Segment Start: Record excerpts

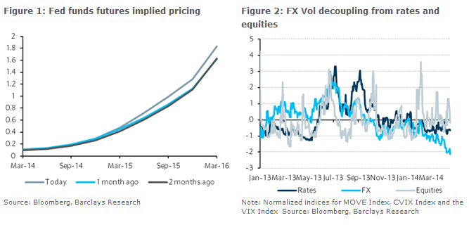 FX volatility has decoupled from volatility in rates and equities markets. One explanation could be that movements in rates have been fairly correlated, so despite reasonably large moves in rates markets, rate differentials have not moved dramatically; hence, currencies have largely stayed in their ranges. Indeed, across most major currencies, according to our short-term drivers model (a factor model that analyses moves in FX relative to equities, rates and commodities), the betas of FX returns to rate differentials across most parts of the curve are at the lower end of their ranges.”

Segment End: Record excerpts
Segment Start: Record excerpts

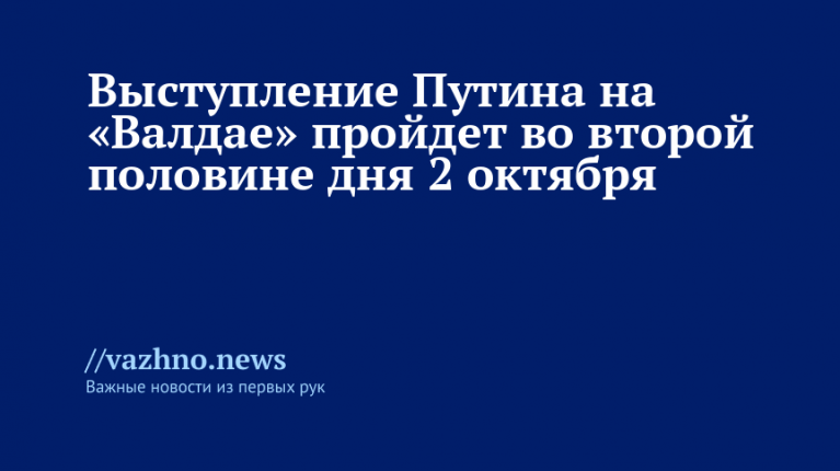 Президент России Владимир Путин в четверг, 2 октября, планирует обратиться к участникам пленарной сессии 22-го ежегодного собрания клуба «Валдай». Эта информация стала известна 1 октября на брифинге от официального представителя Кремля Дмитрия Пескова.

Segment End: Record excerpts
Segment Start: Record excerpts

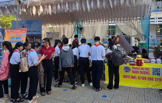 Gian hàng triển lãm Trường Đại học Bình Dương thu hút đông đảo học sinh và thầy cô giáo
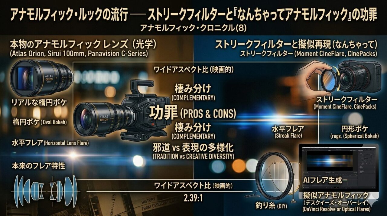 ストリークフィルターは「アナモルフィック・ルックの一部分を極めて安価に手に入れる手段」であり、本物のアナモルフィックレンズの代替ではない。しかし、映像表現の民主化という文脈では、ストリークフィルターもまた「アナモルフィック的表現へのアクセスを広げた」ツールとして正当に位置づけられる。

Segment End: Record excerpts

▶ [Task goal]: Set down, exactly as written above, each line from the one with "Gian hàng triển" through the one with "ストリークフィルターは「アナ", and skip the pictures.

▶ [Result below]:
 Gian hàng triển lãm Trường Đại học Bình Dương thu hút đông đảo học sinh và thầy cô giáo
 ストリークフィルターは「アナモルフィック・ルックの一部分を極めて安価に手に入れる手段」であり、本物のアナモルフィックレンズの代替ではない。しかし、映像表現の民主化という文脈では、ストリークフィルターもまた「アナモルフィック的表現へのアクセスを広げた」ツールとして正当に位置づけられる。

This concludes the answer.